Saturday, November 29, 2008

Making Terraced Gardens For Slopes

If your property has an incline or slope, it can be turned into a lovely garden oasis. Where once weeds grew, flowers could grow in abundance. Making a vegetable gardening organic style is another idea. The slope can become a lovely planted area despite the rugged terrain, turning a liability into an asset.

Terrace The Terrain

Making level areas on a slope with terraces makes it easier to put in plants and turn a hillside into a gorgeous landscape. Making the area level makes it so much easier to work and walk there. Making terraces is without a doubt a lot of work, however, and can be expensive depending on the materials used.
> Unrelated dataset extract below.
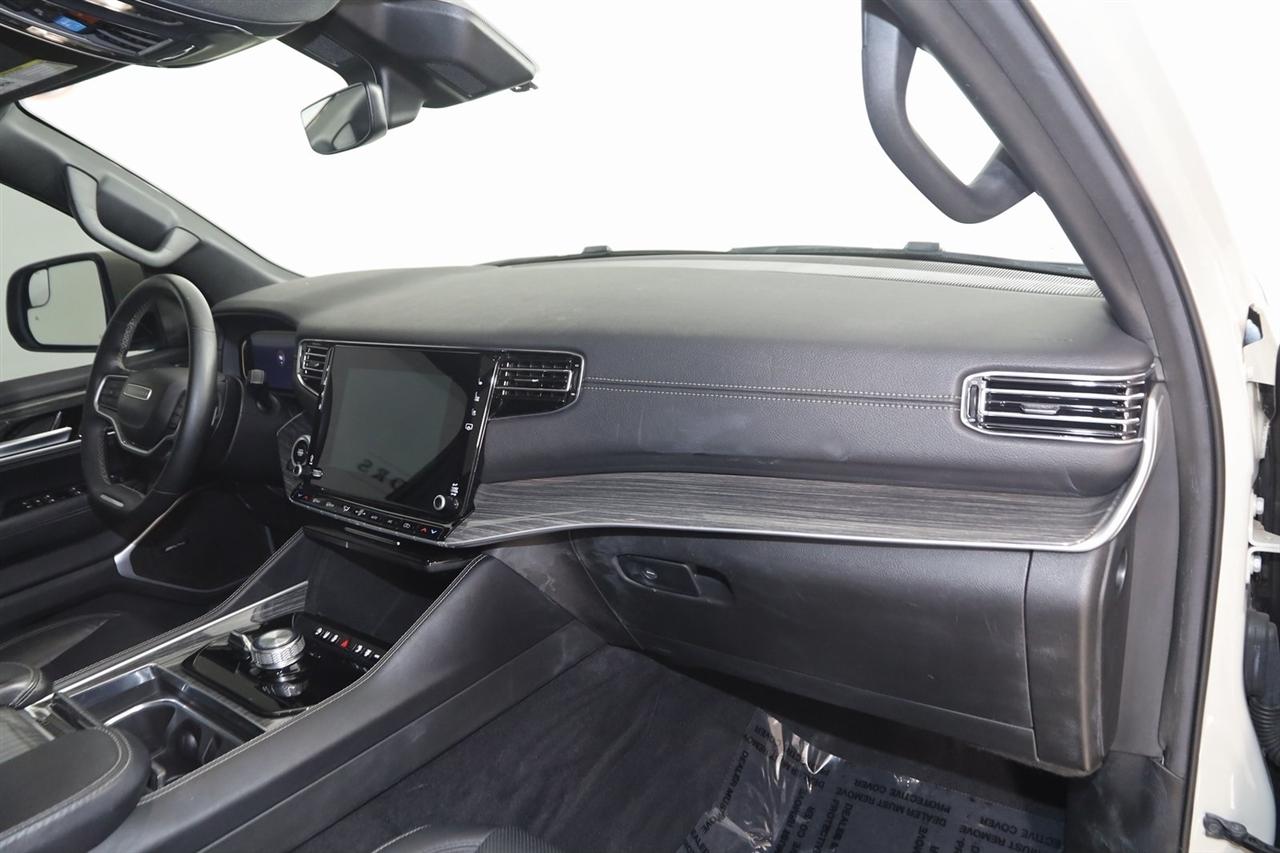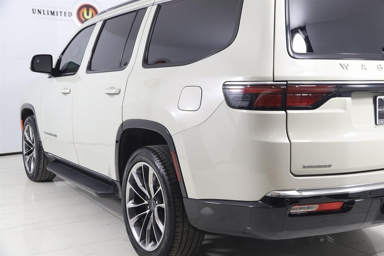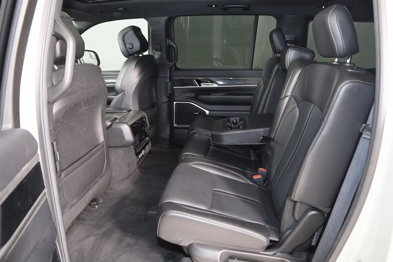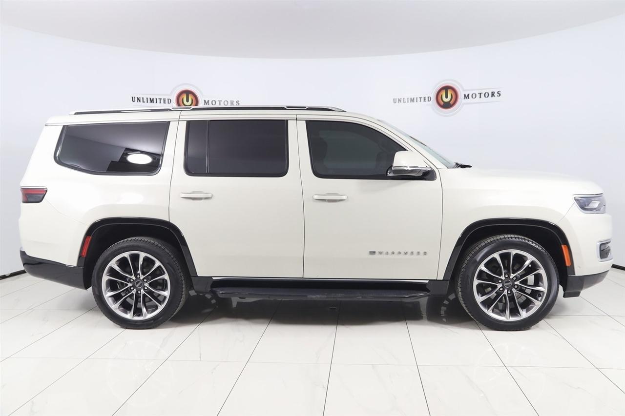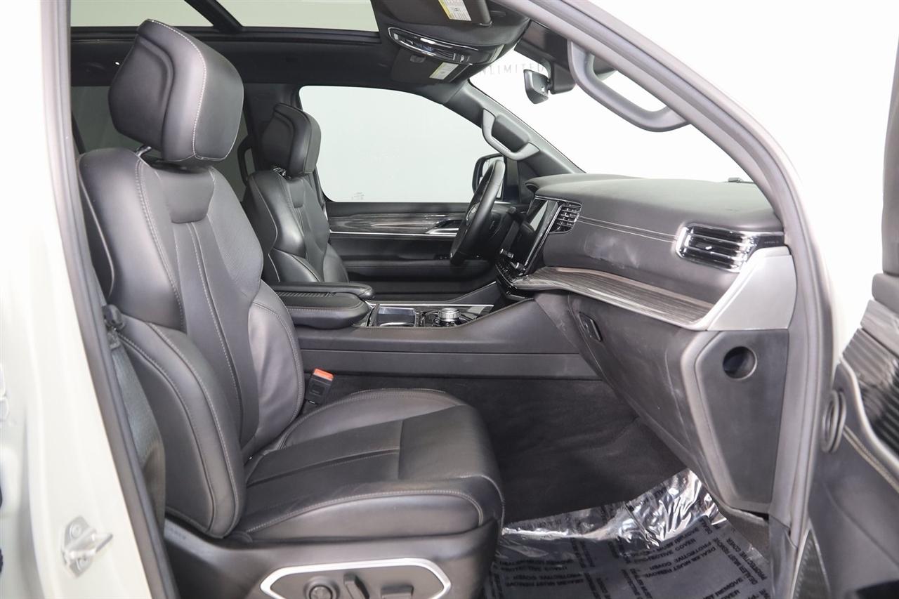 Navigation, Back Up Camera, Bluetooth, Panoramic Roof, Touch Screen, Heated Front Seats, Heated Steering Wheel, Ventilated Front Seats, Blind Spot, Apple CarPlay/Android Auto, Wagoneer Series II, 4D Sport Utility, 5.7L V8, 8-Speed Automatic, 4WD, Luxury White Pearlcoat, Black Leather, 3 Panel Sunroof, Adjustable Roof Rail Crossbars, Cargo Cover, Navigation System, Premium Group I (DISC), Quick Order Package 22J, Reversible Carpet/Vinyl Cargo Mat.

At one time, railroad ties were considered a good source of material for making retaining walls for terraces. They’ve fallen out of favor these days, and especially aren’t recommended for organic gardens. The problem is the creosote used to preserve the wood. Creosote is a toxic substance, and contact with it can irritate the skin. If you breath in the fumes from creosote, they can irritate the respiratory tract.

Bottom line, creosote is toxic stuff. Direct contact is bad, and it can leach into the water and soil. When it’s in the soil, it’s available for the plants to absorb, and if you’re growing vegetable plants, you’re going to eat whatever chemicals are in the plants. All things considered, creosote treated lumber for your terracing isn’t a good idea.

Use Safe Wall Materials And Placement

For small projects where you’re just leveling out a little slope, the new landscaping boards such as those found at Gardens Alive! that are made out of recycled plastics are an option. With a steeper slope, use bricks, concrete blocks, modular retaining wall blocks or stone. The different masonry options require varying levels of expertise, so be sure you know how to build walls with the materials you opt to use.

Since the idea of terracing is to provide level beds, the steepness of the slope will dictate the height of the walls. If the walls are higher, they will obviously also have to be sturdier, and better anchored to the hillside. It's especially important large terraces are anchored well into the slope at each end. They also need proper drainage.

The dirt behind the walls will be a lot of weight pushing on them, and it will increase even more after a rain. If walls aren't well built, they could possibly bow outwards or even outright collapse.

There are landscaping contractors that can do the work for you if building terraces seems like to big a task to do on your own. Obviously that's a more expensive option, since you have to pay labor costs, as well as paying for materials.

Plant Those Terraces.

Enriching the soil before planting is always a good idea, especially considering slopes often have poor soil due to erosion. Some compost, rich loam, well-rotted cow manure, peat or other soil amendments can be worked into the soil to enrich it so plants will grow better. Bear in mind what sort of plants you wish to grow. If you choose those that do well in poor soil, don't worry about enriching the existing soil.

When the soil is ready, choose your plants, whether flowers or vegetables ( - Offers quality plants at great prices). Plants that vine work well along the top edges of the walls so they can trail over the sides.

Long Lasting Terraces.

Creating terraces on a slope is a lot of work. Sometimes it's also a lot of expense. However,it’s a great way to eradicate an eyesore, improve your land, and provide another place for an organic garden full of flowers or vegetables.

More planting space is always a good thing.